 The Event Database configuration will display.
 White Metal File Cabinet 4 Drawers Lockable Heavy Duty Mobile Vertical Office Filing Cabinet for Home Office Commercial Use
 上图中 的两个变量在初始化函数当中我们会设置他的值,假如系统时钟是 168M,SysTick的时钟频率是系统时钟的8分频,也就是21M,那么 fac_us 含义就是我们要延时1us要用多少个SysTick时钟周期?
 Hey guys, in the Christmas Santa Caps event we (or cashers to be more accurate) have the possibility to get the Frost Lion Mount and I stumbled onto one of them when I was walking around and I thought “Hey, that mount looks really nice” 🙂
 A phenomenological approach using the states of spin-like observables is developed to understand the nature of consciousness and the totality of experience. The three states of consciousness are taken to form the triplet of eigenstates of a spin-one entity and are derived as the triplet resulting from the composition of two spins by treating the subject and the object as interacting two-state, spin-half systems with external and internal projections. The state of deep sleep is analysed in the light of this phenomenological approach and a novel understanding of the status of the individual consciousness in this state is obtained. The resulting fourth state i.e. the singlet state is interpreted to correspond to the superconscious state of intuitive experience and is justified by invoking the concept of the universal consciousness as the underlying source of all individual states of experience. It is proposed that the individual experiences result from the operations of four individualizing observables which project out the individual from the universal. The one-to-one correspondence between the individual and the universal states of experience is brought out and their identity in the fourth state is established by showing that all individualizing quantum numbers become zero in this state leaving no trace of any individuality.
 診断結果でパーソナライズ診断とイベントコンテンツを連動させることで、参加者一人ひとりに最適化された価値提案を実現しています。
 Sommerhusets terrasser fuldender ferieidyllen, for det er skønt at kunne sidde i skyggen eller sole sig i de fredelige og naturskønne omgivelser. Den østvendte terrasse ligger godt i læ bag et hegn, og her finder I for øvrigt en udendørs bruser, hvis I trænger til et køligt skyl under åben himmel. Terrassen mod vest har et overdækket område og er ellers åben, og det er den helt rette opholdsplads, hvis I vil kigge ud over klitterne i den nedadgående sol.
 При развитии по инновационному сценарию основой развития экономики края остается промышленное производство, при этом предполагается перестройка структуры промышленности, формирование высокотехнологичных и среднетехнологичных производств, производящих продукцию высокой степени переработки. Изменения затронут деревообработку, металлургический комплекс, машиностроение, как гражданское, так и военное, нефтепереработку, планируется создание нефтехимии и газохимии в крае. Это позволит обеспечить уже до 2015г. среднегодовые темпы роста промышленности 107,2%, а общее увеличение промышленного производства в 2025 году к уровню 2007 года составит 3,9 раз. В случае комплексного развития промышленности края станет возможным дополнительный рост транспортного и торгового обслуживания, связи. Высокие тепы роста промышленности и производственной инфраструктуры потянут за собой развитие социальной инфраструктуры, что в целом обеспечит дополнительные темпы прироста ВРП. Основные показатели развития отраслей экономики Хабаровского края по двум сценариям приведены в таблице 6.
◇ ◇ ◇ ◇ ◇ ◇ ◇
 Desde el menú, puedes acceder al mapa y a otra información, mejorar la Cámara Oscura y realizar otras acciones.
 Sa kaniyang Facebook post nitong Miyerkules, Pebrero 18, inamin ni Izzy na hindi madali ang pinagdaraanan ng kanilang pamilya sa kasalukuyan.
◇ ◇ ◇ ◇ ◇ ◇ ◇
* **WHAT YOU SHOULD DO**
Looking at the data above, write out exactly the lines that start at the one containing "White Metal File" and end at the one containing "Hey guys, in"; include both and nothing beyond.

* **TASK ANSWER**
 White Metal File Cabinet 4 Drawers Lockable Heavy Duty Mobile Vertical Office Filing Cabinet for Home Office Commercial Use
 上图中 的两个变量在初始化函数当中我们会设置他的值,假如系统时钟是 168M,SysTick的时钟频率是系统时钟的8分频,也就是21M,那么 fac_us 含义就是我们要延时1us要用多少个SysTick时钟周期?
 Hey guys, in the Christmas Santa Caps event we (or cashers to be more accurate) have the possibility to get the Frost Lion Mount and I stumbled onto one of them when I was walking around and I thought “Hey, that mount looks really nice” 🙂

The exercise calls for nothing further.